• **Exercise details**
From the material below, return exactly the lines starting at the one that holds "BOSTON PROPER LEATHER" and ending at the one that holds "Maggee, our 2022". Pictures stay out of the answer.

• **Exercise data**

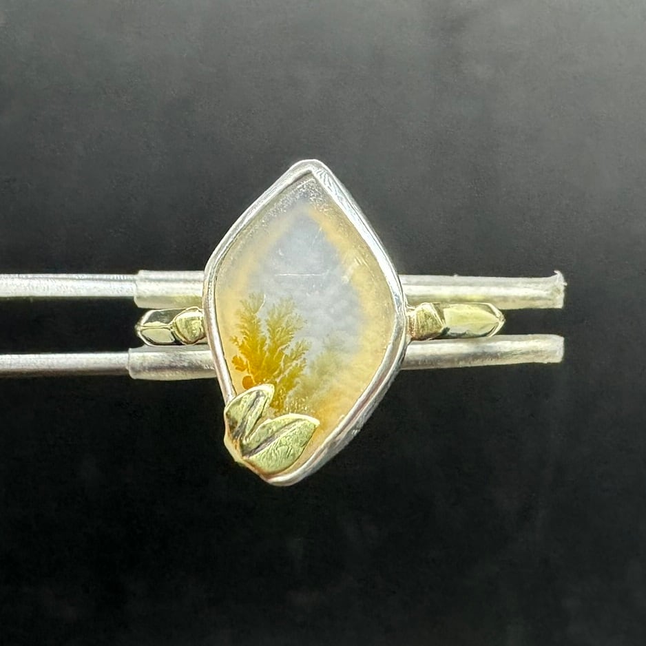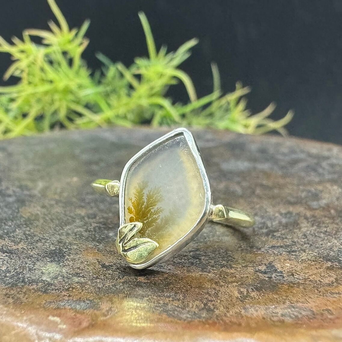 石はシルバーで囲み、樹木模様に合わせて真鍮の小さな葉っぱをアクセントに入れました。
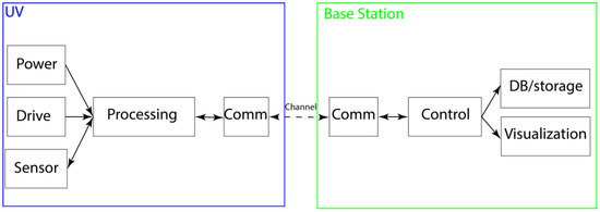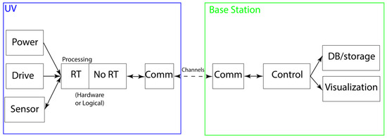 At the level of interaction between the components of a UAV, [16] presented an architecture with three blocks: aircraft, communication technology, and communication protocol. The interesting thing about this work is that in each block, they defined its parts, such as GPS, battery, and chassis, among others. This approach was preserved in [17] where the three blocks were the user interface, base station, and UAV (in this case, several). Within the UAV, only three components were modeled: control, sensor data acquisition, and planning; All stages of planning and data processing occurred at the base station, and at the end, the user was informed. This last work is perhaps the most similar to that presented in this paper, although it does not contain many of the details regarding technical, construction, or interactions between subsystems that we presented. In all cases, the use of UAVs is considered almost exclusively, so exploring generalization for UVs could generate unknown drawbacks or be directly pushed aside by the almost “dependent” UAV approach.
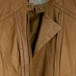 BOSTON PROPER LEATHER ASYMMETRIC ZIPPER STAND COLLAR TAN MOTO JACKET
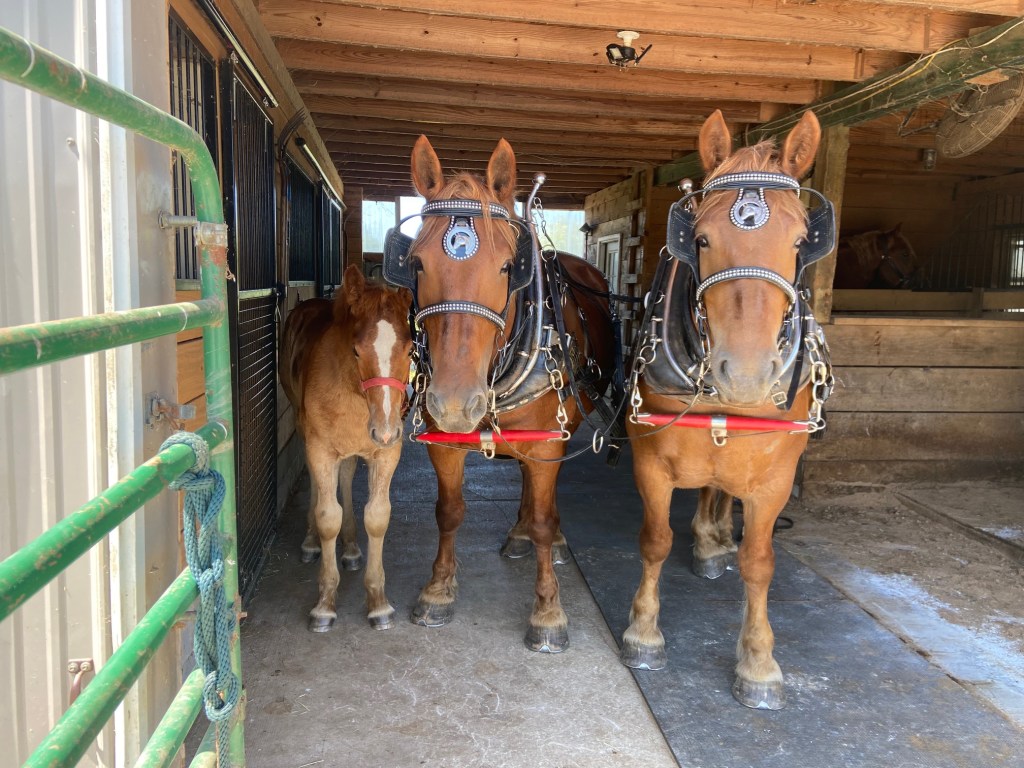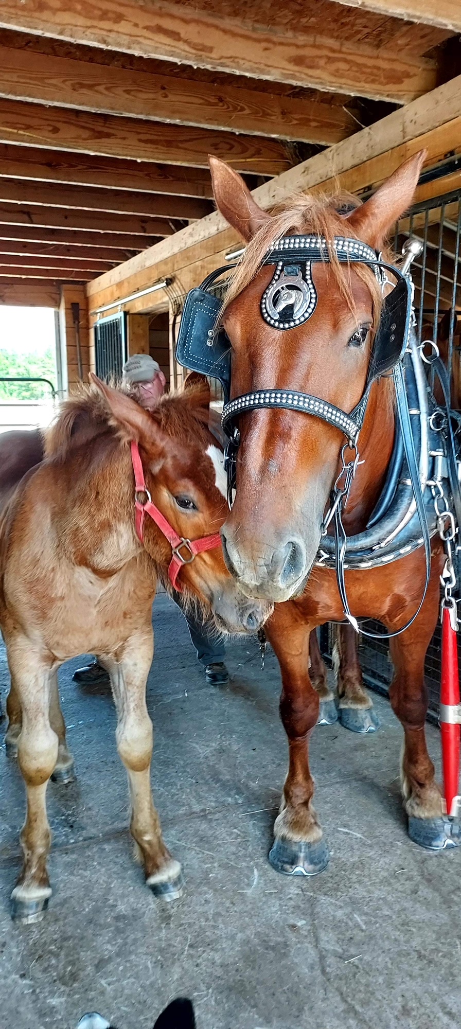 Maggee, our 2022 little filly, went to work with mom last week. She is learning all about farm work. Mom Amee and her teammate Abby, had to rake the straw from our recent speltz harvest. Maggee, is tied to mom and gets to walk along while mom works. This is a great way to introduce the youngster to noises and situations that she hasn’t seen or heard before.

* * *

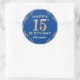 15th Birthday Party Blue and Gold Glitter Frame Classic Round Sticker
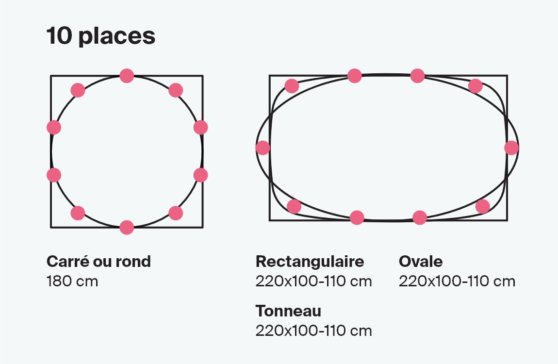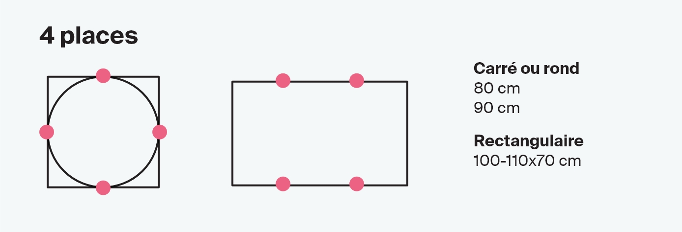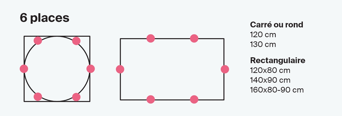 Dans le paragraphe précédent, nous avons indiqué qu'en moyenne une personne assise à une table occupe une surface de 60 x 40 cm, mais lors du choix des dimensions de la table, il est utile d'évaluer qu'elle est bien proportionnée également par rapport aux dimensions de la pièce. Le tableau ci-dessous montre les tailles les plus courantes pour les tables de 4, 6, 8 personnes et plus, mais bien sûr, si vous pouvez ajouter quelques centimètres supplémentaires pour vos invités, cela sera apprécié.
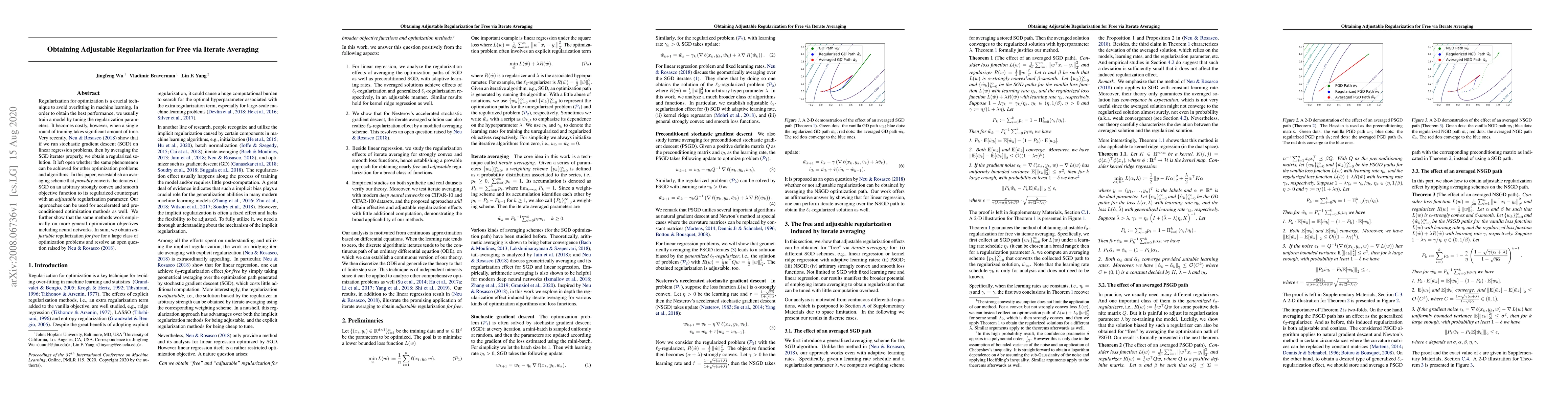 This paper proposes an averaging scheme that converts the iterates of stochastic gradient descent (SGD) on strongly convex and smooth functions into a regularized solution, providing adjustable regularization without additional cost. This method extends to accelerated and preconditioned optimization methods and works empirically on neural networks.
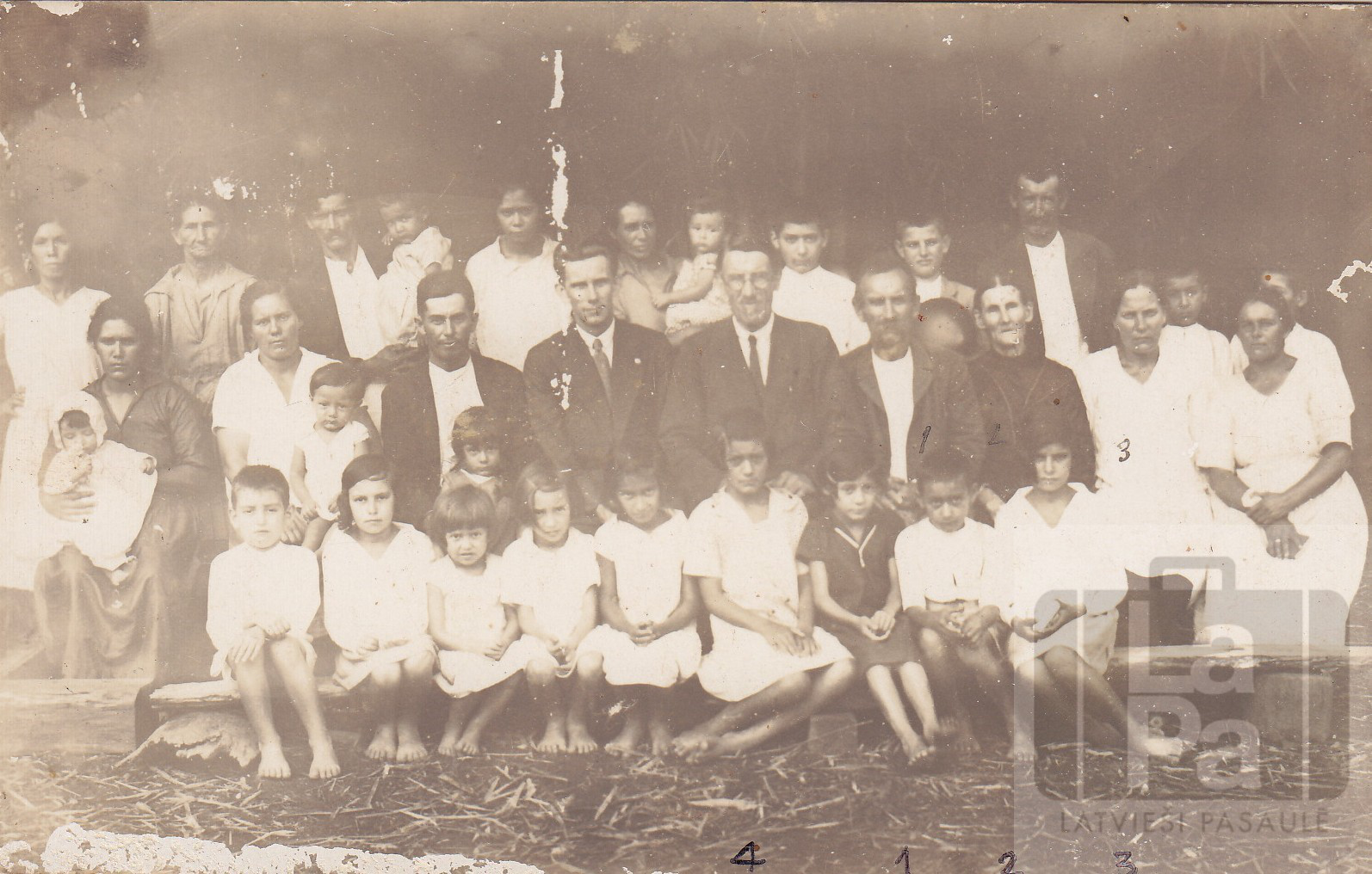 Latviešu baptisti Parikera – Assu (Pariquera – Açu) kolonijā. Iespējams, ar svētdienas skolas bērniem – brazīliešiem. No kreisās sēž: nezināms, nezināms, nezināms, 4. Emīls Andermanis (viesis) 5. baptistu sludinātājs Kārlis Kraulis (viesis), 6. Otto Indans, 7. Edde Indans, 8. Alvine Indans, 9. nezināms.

• **Response**
 BOSTON PROPER LEATHER ASYMMETRIC ZIPPER STAND COLLAR TAN MOTO JACKET
 Maggee, our 2022 little filly, went to work with mom last week. She is learning all about farm work. Mom Amee and her teammate Abby, had to rake the straw from our recent speltz harvest. Maggee, is tied to mom and gets to walk along while mom works. This is a great way to introduce the youngster to noises and situations that she hasn’t seen or heard before.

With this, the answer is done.